Multiply everything by 100 and store it in a long as cents.

Computers store numbers in binary and can't actually represent numbers such as 33.333333333 or 100.0 exactly. This is one of the tricky things about using doubles. You will have to just round the answer before showing it to a user. Luckily in most applications, you don't need that many decimal places anyhow.

Floating point numbers differ from real numbers in that for any given floating point number there is a next higher floating point number. Same as integers. There's no integer between 1 and 2.

There's no way to represent 1/3 as a float. There's a float below it and there's a float above it, and there's a certain distance between them. And 1/3 is in that space.

Apfloat for Java claims to work with arbitrary precision floating point numbers, but I've never used it. Probably worth a look. http://www.apfloat.org/apfloat_java/

A similar question was asked here before Java floating point high precision library

Doubles are approximations of the decimal numbers in your Java source. You're seeing the consequence of the mismatch between the double (which is a binary-coded value) and your source (which is decimal-coded).

Java's producing the closest binary approximation. You can use the java.text.DecimalFormat to display a better-looking decimal value.

Use a BigDecimal. It even lets you specify rounding rules (like ROUND_HALF_EVEN, which will minimize statistical error by rounding to the even neighbor if both are the same distance; i.e. both 1.5 and 2.5 round to 2).

Check out BigDecimal, it handles problems dealing with floating point arithmetic like that.

The new call would look like this:

term[number].coefficient.add(co);

Use setScale() to set the number of decimal place precision to be used.

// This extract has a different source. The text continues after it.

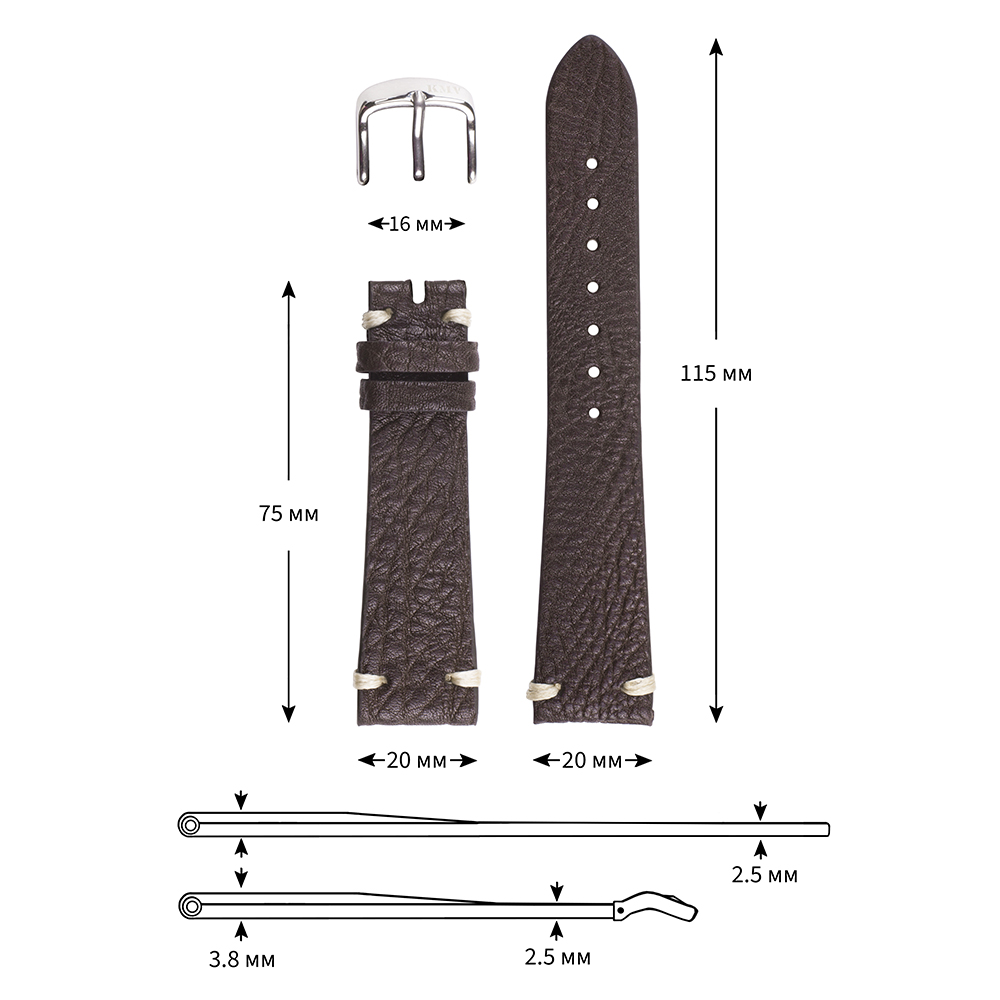 Ремешок сделан из натуральной кожи с бежевой подкладкой. Концы ремешка прошиты двумя белыми стежками из толстой хлопковой нити. Длина частей ремешка L (75мм х 115мм). Толщина 3,8 мм. Пряжка сталь 304 L. Ремешок имеет заужение от крепления корпуса часов к пряжке 4 мм. Ремешок красиво смотрится на винтажных часах и часах Diesel.

Why not use the round() method from Math class?

// The number of 0s determines how many digits you want after the floating point
// (here one digit)
total = (double)Math.round(total * 10) / 10;
System.out.println(total); // prints 11.4

If you have no choice other than using double values, can use the below code.

public static double sumDouble(double value1, double value2) {
    double sum = 0.0;
    String value1Str = Double.toString(value1);
    int decimalIndex = value1Str.indexOf(".");
    int value1Precision = 0;
    if (decimalIndex != -1) {
        value1Precision = (value1Str.length() - 1) - decimalIndex;
    }

    String value2Str = Double.toString(value2);
    decimalIndex = value2Str.indexOf(".");
    int value2Precision = 0;
    if (decimalIndex != -1) {
        value2Precision = (value2Str.length() - 1) - decimalIndex;
    }

    int maxPrecision = value1Precision > value2Precision ? value1Precision : value2Precision;
    sum = value1 + value2;
    String s = String.format("%." + maxPrecision + "f", sum);
    sum = Double.parseDouble(s);
    return sum;
}

Do not waste your efford using BigDecimal. In 99.99999% cases you don't need it. java double type is of cource approximate but in almost all cases, it is sufficiently precise. Mind that your have an error at 14th significant digit. This is really negligible!